* [WORK REQUIRED]: Return the data below exactly, please, but drop the pictures.

▬▬▬

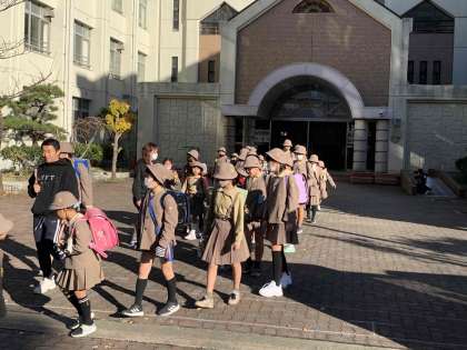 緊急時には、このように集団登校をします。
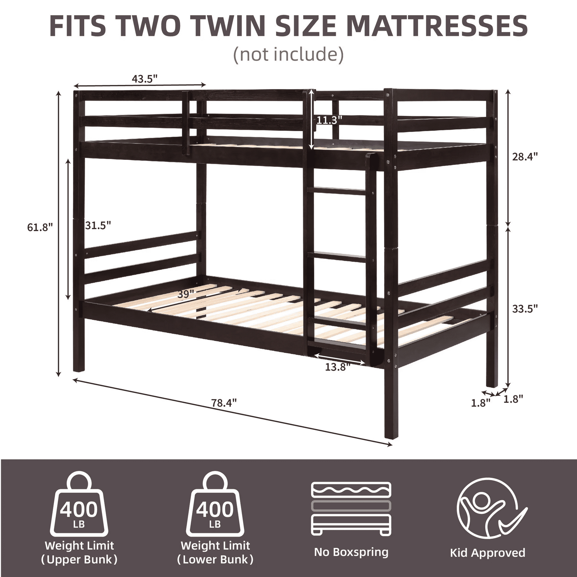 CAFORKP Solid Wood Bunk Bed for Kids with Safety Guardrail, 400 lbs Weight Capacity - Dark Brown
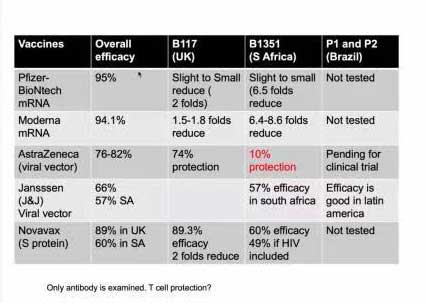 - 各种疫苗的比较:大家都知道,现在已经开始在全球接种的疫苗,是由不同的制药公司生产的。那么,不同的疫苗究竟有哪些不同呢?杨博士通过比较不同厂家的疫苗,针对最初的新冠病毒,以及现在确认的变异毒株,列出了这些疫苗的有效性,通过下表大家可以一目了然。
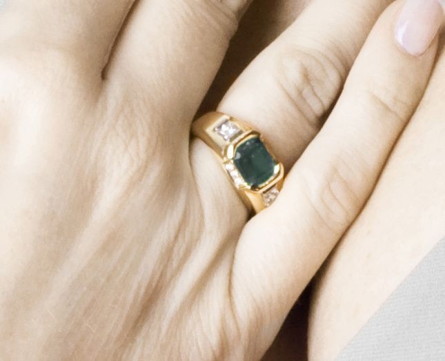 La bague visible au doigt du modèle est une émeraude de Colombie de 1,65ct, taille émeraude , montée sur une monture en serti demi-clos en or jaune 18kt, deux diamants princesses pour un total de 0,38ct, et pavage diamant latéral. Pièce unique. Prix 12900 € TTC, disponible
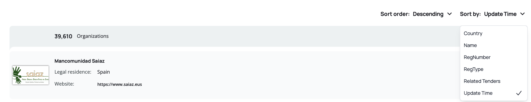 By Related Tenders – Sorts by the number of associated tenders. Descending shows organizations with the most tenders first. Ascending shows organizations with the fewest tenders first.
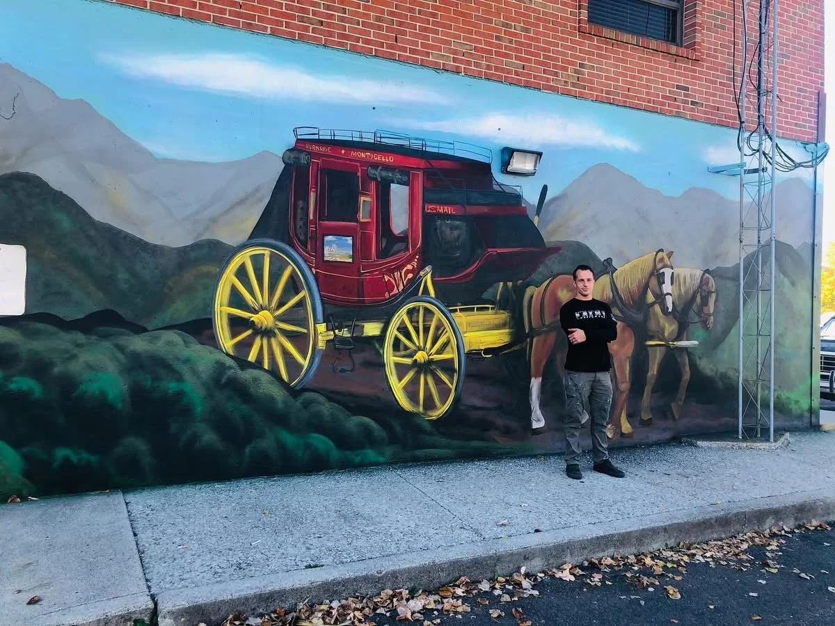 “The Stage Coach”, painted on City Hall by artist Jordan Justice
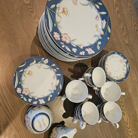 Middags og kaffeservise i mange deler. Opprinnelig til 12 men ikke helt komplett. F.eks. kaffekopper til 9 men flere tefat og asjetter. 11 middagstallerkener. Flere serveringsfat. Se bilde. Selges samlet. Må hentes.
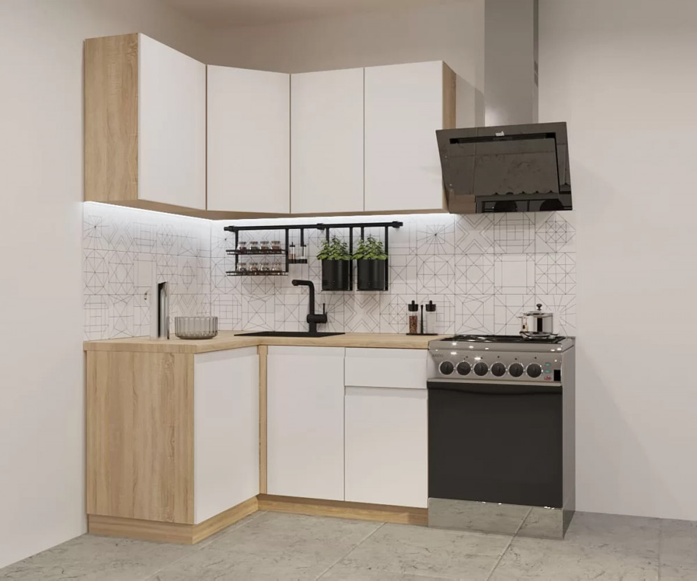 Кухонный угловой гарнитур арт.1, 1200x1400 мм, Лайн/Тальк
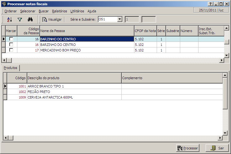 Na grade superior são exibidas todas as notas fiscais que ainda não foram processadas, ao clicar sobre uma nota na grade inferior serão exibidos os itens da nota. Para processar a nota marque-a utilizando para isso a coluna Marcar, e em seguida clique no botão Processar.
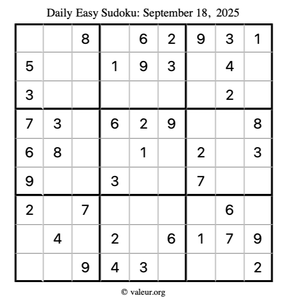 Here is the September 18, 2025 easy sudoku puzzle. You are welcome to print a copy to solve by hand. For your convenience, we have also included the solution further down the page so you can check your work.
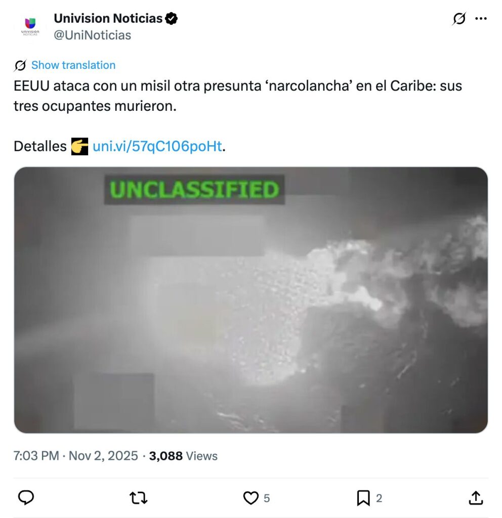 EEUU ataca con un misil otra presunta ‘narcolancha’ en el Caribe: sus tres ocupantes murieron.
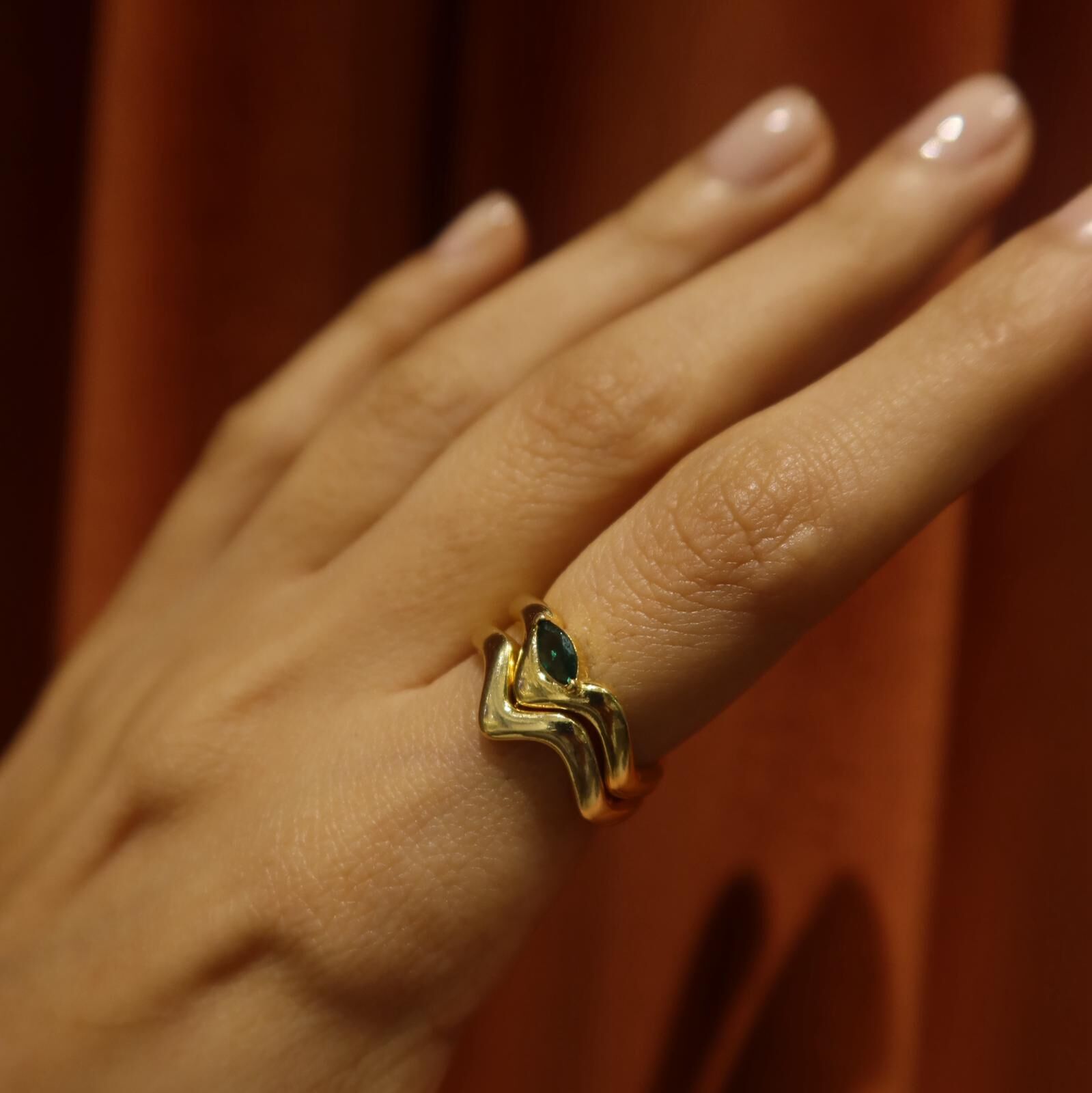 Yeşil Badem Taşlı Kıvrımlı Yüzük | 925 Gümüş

▬▬▬

* [SOLUTION]:
 緊急時には、このように集団登校をします。
 CAFORKP Solid Wood Bunk Bed for Kids with Safety Guardrail, 400 lbs Weight Capacity - Dark Brown
 - 各种疫苗的比较:大家都知道,现在已经开始在全球接种的疫苗,是由不同的制药公司生产的。那么,不同的疫苗究竟有哪些不同呢?杨博士通过比较不同厂家的疫苗,针对最初的新冠病毒,以及现在确认的变异毒株,列出了这些疫苗的有效性,通过下表大家可以一目了然。
 La bague visible au doigt du modèle est une émeraude de Colombie de 1,65ct, taille émeraude , montée sur une monture en serti demi-clos en or jaune 18kt, deux diamants princesses pour un total de 0,38ct, et pavage diamant latéral. Pièce unique. Prix 12900 € TTC, disponible
 By Related Tenders – Sorts by the number of associated tenders. Descending shows organizations with the most tenders first. Ascending shows organizations with the fewest tenders first.
 “The Stage Coach”, painted on City Hall by artist Jordan Justice
 Middags og kaffeservise i mange deler. Opprinnelig til 12 men ikke helt komplett. F.eks. kaffekopper til 9 men flere tefat og asjetter. 11 middagstallerkener. Flere serveringsfat. Se bilde. Selges samlet. Må hentes.
 Кухонный угловой гарнитур арт.1, 1200x1400 мм, Лайн/Тальк
 Na grade superior são exibidas todas as notas fiscais que ainda não foram processadas, ao clicar sobre uma nota na grade inferior serão exibidos os itens da nota. Para processar a nota marque-a utilizando para isso a coluna Marcar, e em seguida clique no botão Processar.
 Here is the September 18, 2025 easy sudoku puzzle. You are welcome to print a copy to solve by hand. For your convenience, we have also included the solution further down the page so you can check your work.
 EEUU ataca con un misil otra presunta ‘narcolancha’ en el Caribe: sus tres ocupantes murieron.
 Yeşil Badem Taşlı Kıvrımlı Yüzük | 925 Gümüş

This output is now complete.